I passed my topic model into pyLDAvis in order to see my topics in a data visualization. Even with the data visualization, I was unable to decipher every single one of my topics. Maybe I needed to preprocess my data more. Maybe I should have used the CountVectorizer instead of TfidfVectorizer, or maybe I should have used HDP instead of LDA. Regardless, the ambiguity in my topics revealed the difficulty of working with text data. Maybe topic modeling wasn’t the right move in the first place.
Word Embeddings
Bag-of-words models don’t account for the association between words. “Vector space models (VSMs) represent (embed) words in a continuous vector space where semantically similar words are mapped to nearby points ('are embedded nearby each other').” I experimented with two VSMs, Word2Vec and Doc2Vec. Though the details of Word2Vec are outside of the scope of this blog post, understand that Word2Vec is a combination of two models, a Continuous Bag-of-Words model and a Skip-Gram model. The Doc2Vec algorithm is similarly built by two models and “represents each document by a dense vector which is trained to predict words in the document.”
I used Gensim’s Doc2Vec to see if there was a better way to analyze my text data. Doc2Vec said the most similar words to “data” were:
- Database
- Analysis
- Collected
- Visualization
- API
- Retool
- Datasets
- Tracking
- Alphabetically
- Recognizes
That made sense! Similar words to Mitch and Paul (two members of the Data & Analytics team) were words like stanley, analyst, decker, and albert. Stanley Black & Decker is one of our team’s clients, and Albert is another member of the Data & Analytics team. When I asked Doc2Vec to find the most similar words to Mitch and Paul and words that were dissimilar to client, it returned daniel, koch, greg, and irish. Mitch’s last name is Daniels and Paul’s is Koch. Doc2Vec removed words related to Stanley Black & Decker from the list.
Additionally, the Doc2Vec model gave me a list of most-similar documents when I passed a specific document. Word embeddings capturing the semantic relationship between words and phrases was surprisingly successful at lumping together text data from our Viget.com articles.

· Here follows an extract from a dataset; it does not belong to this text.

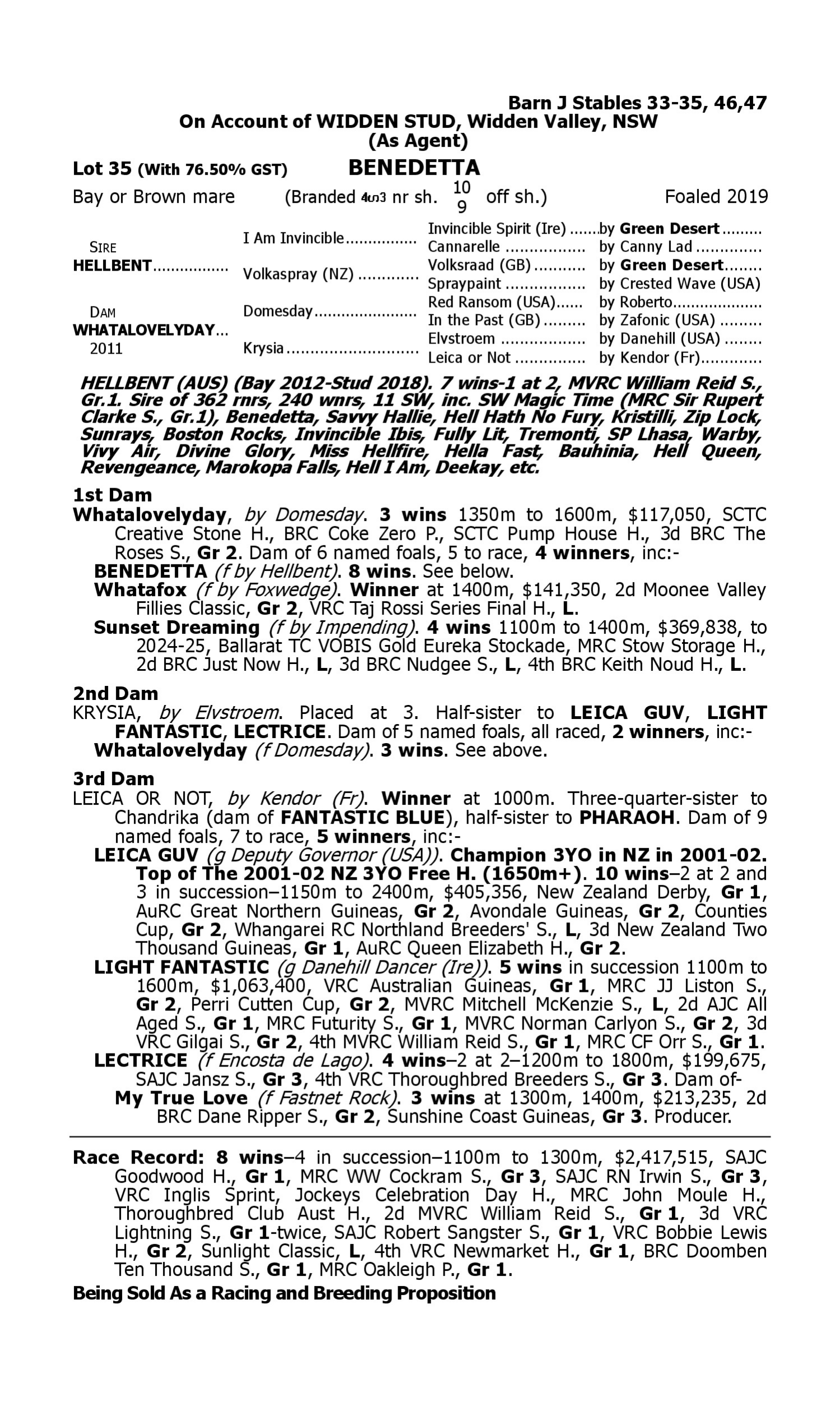 Lot 34 has pedigree updates since the release of the catalogue.

I used Word2Vec or Doc2Vec to convert our words and documents into vectors, and those vectors could be used to conduct sentiment analysis, to compare the similarity between documents, to perform information retrieval, or to automatically summarize bodies of text. We can even use vector representation to power chatbots. I will be the first to admit that my experience in applying word embeddings to deployable products is wholly experimental. My next immediate natural language processing goal is to use VSMs to automatically summarize each of our Viget.com articles (stay tuned for that article.) If successful, this technique could be applied to creating meta tags and descriptions for our clients with large content sites.
Conclusion
At Viget, we will continue experimenting with topic modeling and word embeddings algorithms like Word2Vec and Doc2Vec. Analyzing text data can be a difficult endeavor, but the potential benefits are massive.